Improving Latent Reasoning in LLMs via Soft Concept Mixing
This addresses a bottleneck in LLM reasoning for AI applications, but it is incremental as it builds directly on prior work like Soft Thinking.
The paper tackles the gap between LLMs' discrete token training and latent reasoning via soft concepts by proposing Soft Concept Mixing (SCM), a training scheme that mixes soft concept vectors into hidden states and optimizes with RL, resulting in improved reasoning performance on five benchmarks.

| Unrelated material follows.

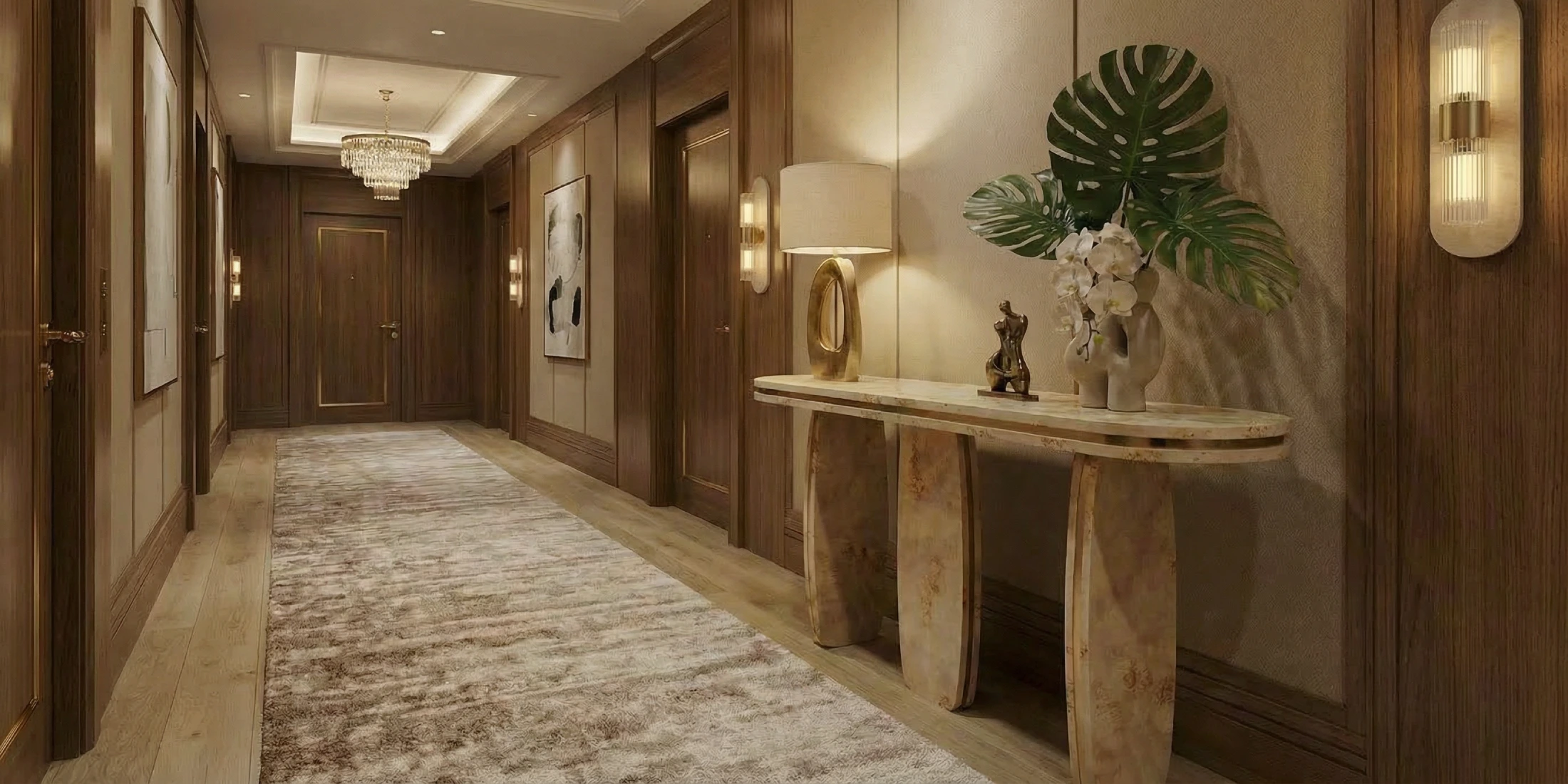 Its compact plan provides a tactile landing for objects and light, offering a composed presence and a subtle sense of rhythm along a hall or living wall.

Unlike human reasoning in abstract conceptual spaces, large language models (LLMs) typically reason by generating discrete tokens, which potentially limit their expressive power. The recent work Soft Thinking has shown that LLMs' latent reasoning via soft concepts is a promising direction, but LLMs are trained on discrete tokens. To reduce this gap between the soft concepts in reasoning and the discrete tokens in training, we propose Soft Concept Mixing (SCM), a soft concept aware training scheme that directly exposes the model to soft representations during training. Specifically, SCM constructs a soft concept vector by forming a probability-weighted average of embeddings. Then, this vector is mixed into the model's hidden states, which embody rich contextual information. Finally, the entire latent reasoning process is optimized with Reinforcement Learning (RL). Experiments on five reasoning benchmarks demonstrate that SCM improves the reasoning performance of LLMs, and simultaneously maintains a stable training dynamic.